A new report focused on the roles of specialist physicians in regional centres calls for an emphasis on developing more generalists to build a sustainable medical workforce beyond the current models of urban specialist outreach and telehealth programs.
The report also highlights the need for practical steps to support women doctors working rurally and attitudinal shifts to overturn a “pervasive culture” among senior physicians and administrators of undermining generalism and rural physician practice.
The Building a Rural Physician Workforce (BRPW) study report comes ahead of the federal government’s long-awaited National Medical Workforce Strategy, intended to be a springboard for collaboration to address imbalances in healthcare equity and vocational specialties.
Professor Jennifer May, director of Newcastle University’s Rural Health Department and co-chair of the workforce strategy advisory panel, says generalism will be a priority focus in the coming reform blueprint, going against the tide of increased subspecialisation seen in the past decade.
“I’m expecting that will enliven the discussion, and there may well be some discourse on what the solutions might look like,” Professor May told the limbic.
“What we need to do is look at it constructively,” she said.

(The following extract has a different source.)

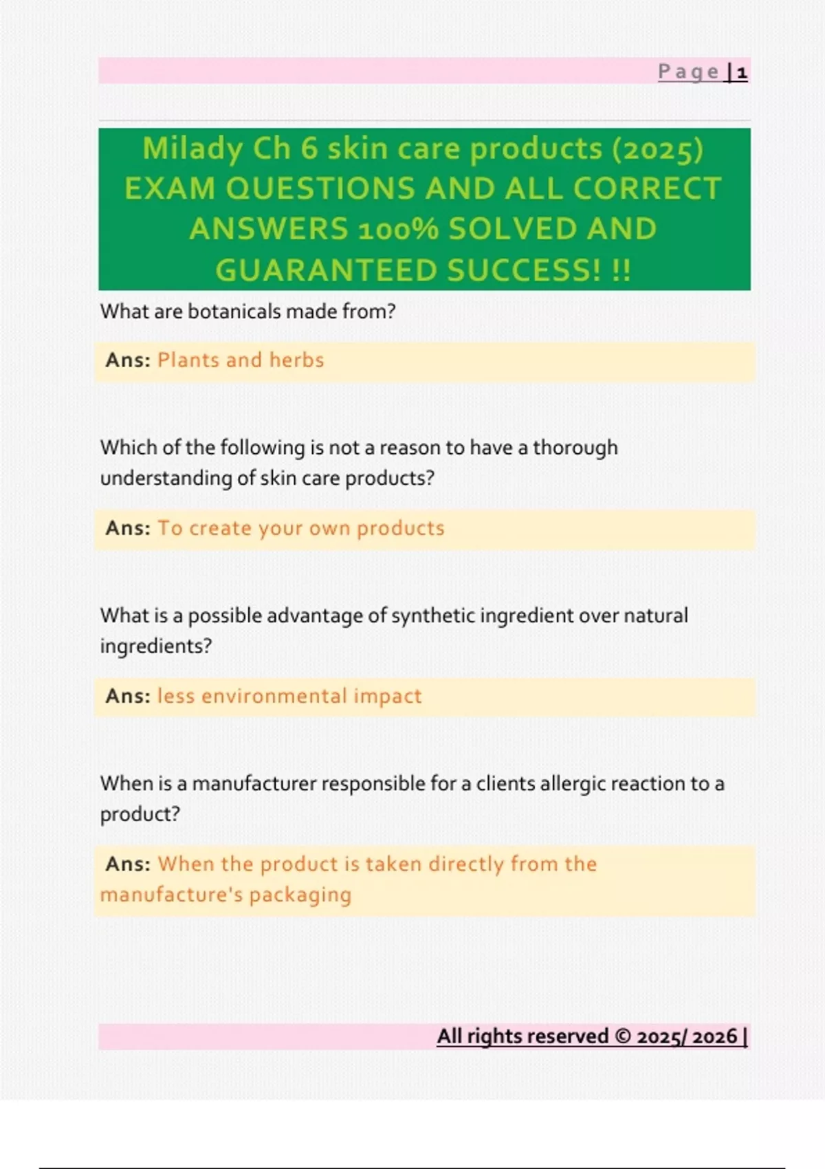 Milady Ch 6 skin care products (2025) EXAM QUESTIONS AND ALL CORRECT ANSWERS 100% SOLVED AND GUARANTEED SUCCESS! !!

This would involve finding models that provide critical mass for physicians and resolve workload challenges, while providing a wide scope of practice that gave patients needed healthcare without having to travel long distances.
Increasing specialist shortages
Summing up the study findings in an MJA editorial, Professor May and Melbourne University health economist Professor Anthony Scott are blunt about the size of the challenges.

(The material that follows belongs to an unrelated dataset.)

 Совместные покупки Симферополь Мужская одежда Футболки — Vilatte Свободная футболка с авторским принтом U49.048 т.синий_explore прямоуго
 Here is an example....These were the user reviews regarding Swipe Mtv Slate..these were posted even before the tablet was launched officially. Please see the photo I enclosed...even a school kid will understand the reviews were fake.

“Clear short-term policy solutions do not exist, and long-term solutions rely on fundamental changes to the way doctors are recruited, trained and supported, which require a high level of coordination between the many stakeholders involved in medical training,” they write.

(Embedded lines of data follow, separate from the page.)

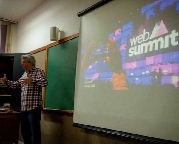 Ele compartilhou com os alunos informações sobre o evento Web Summit, no qual participou em Lisboa em novembro de 2016.
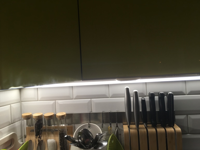 К дну верхнего шкафа обычную плоскую накладную. И дешево и практично. Для выдвижных надо много пространства и цена немаленькая
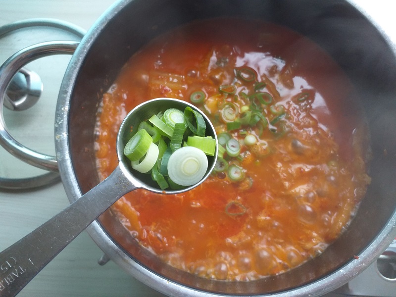 ⑧ 송송 썬 대파를 넣어 줍니다. 청양고추가 있고 얼큰, 칼칼을 추가해주고 싶은 이웃님들은 이때 같이 넣어 줍니다.
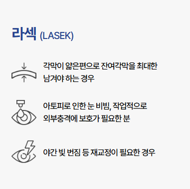 각막이 얇거나 특성이 있는 경우에도 고려되는 안전한 수술법입니다.
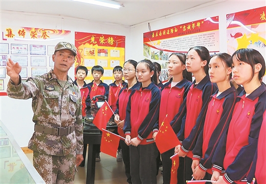 在那坡县天池国防民兵哨所,师生们认真聆听哨长凌尚前不忘初心、为国巡哨的感人事迹。 那坡县融媒体中心供图
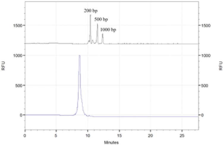 Figure 2 (front page) shows a representative electropherogram of the DNA size ladder (top) and the HCD from a lentivirus sample (bottom).
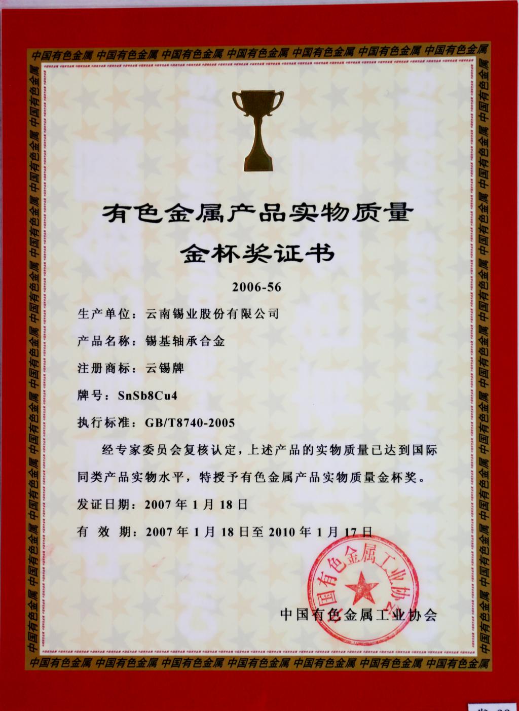 云錫牌錫基軸承合金獲有色金屬實物質(zhì)量金杯獎

“Sustaining the supply of rural physicians is becoming increasingly difficult, with the need for a generalist skillset against a background of high levels of sub-specialisation and metropolitan-based training.”
Drawing on RACP data, the BRPW study shows there were nearly 13,000 active Fellows across all specialty groups in 2018, but only 12% were practising outside the cities, where 28% of Australians live. Of them, 1104 were in inner regional centres, 407 in outer regional areas and 65 in remote communities.
However, the research found that rural-based physicians and paediatricians at all career stages had similarly high rates of professional satisfaction to urban colleagues on most job aspects.